Key Exclusion Criteria:
- Prior exposure to a Janus kinase inhibitor, investigational or approved, at any time,
including filgotinib.
- Use of any opioid analgesic at average daily doses >30 mg/day of morphine (or
equivalent) or use of unstable doses of any opioid analgesic <=2 weeks prior to Day 1.
- Use of any of the following systemic immunomodulating therapies <= 4 weeks prior to
Day 1, including, but not limited to: 6-mercaptopurine, azathioprine, cyclosporine or
other calcineurin inhibitors (e.g. sirolimus, tacrolimus), methotrexate if being
discontinued, mycophenolate, antimalarials (e.g. hydroxychloroquine, chloroquine) if
being discontinued, or sulfasalazine if being discontinued.
- Complete spinal ankylosis defined as the presence of consecutive bridging
syndesmophytes in >=5 vertebrae on the lateral radiograph (assessed by the central
reader).
- Have undergone surgical treatments for peripheral manifestation of axSpA, including
synovectomy or arthroplasty, or major surgery (requiring regional block or general
anesthesia) <=12 weeks prior to Day 1 or planned major surgery during the study.
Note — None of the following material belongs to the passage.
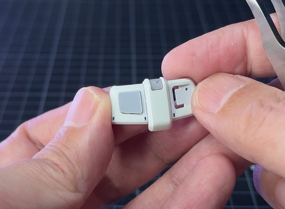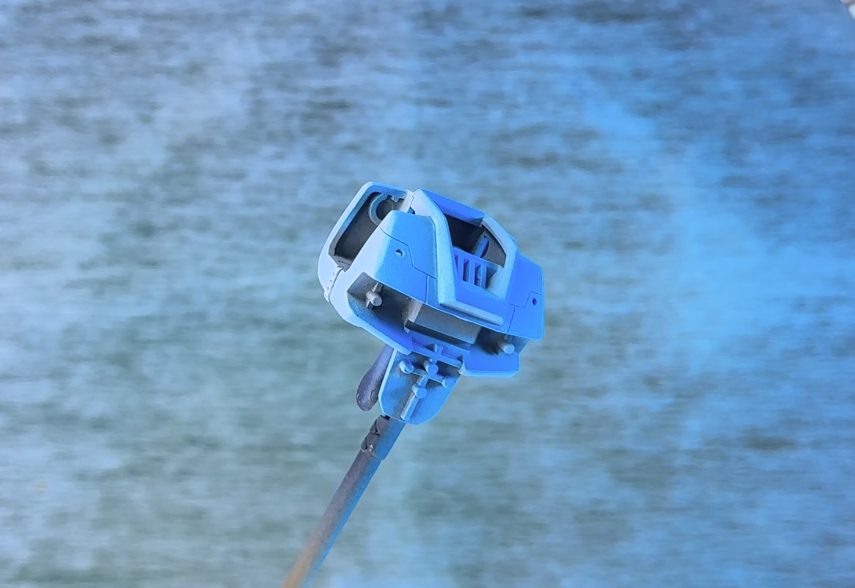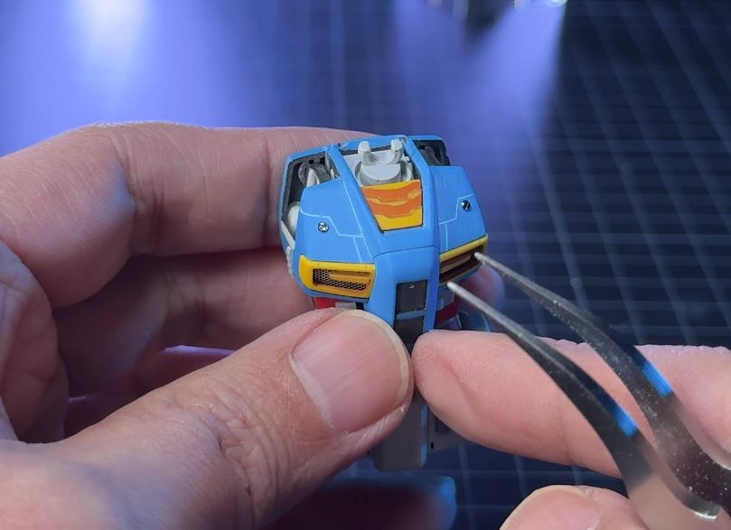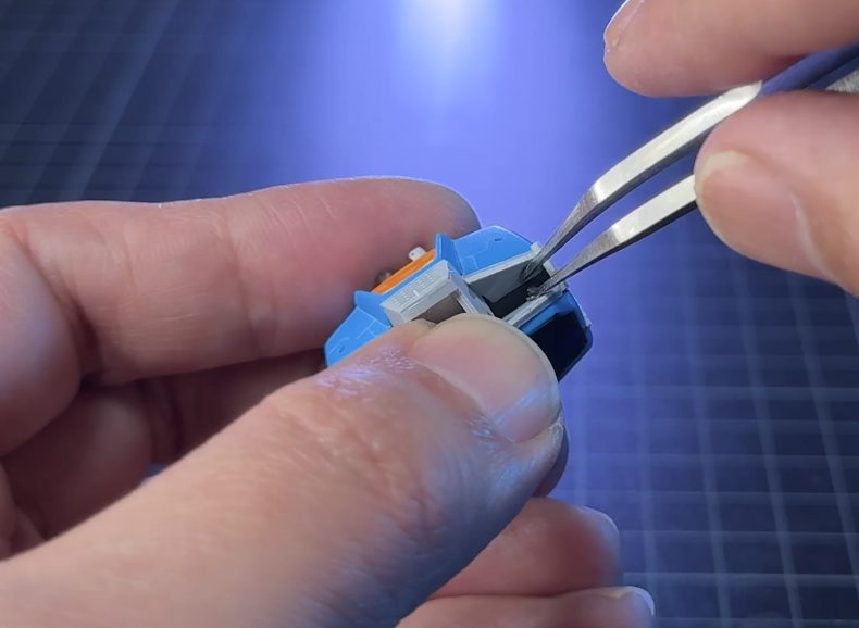 ここでも今回初めて購入した、「グリーンマックス Nゲージ 動力台車枠・床下機器セット A-27(8511)」を使用。案外鉄道模型のこういったパーツは、ガンプラのディテールアップに使えるんじゃないでしょうかね。

- Have a diagnosis of any generalized musculoskeletal disorder, e.g. generalized
osteoarthritis, or systemic inflammatory condition other than axSpA.
- Have active Crohn's disease (CD) or active ulcerative colitis (UC). Note: participants
may be enrolled if they have had a history of inflammatory bowel disease (IBD),
including CD and UC, but have had no exacerbation within 6 months prior to Day 1, and,
if currently on treatment, must be on stable treatment for >=6 months prior to Day 1.
- Active autoimmune disease that would interfere with assessment of study parameters or
increase risk to the participant by participating in the study (e.g. uncontrolled
uveitis, uncontrolled thyroiditis, transverse myelitis, current peptic ulcer disease
or prior history of severe diverticulitis [i.e. requiring hospitalization] or previous
gastrointestinal perforation), per judgment of investigator,
- History of opportunistic infection, or immunodeficiency syndrome, which would put the
participant at risk, as per investigator judgment,
- Active infection that is clinically significant, as per judgment of the investigator,
- Contraindication to magnetic resonance imaging (MRI).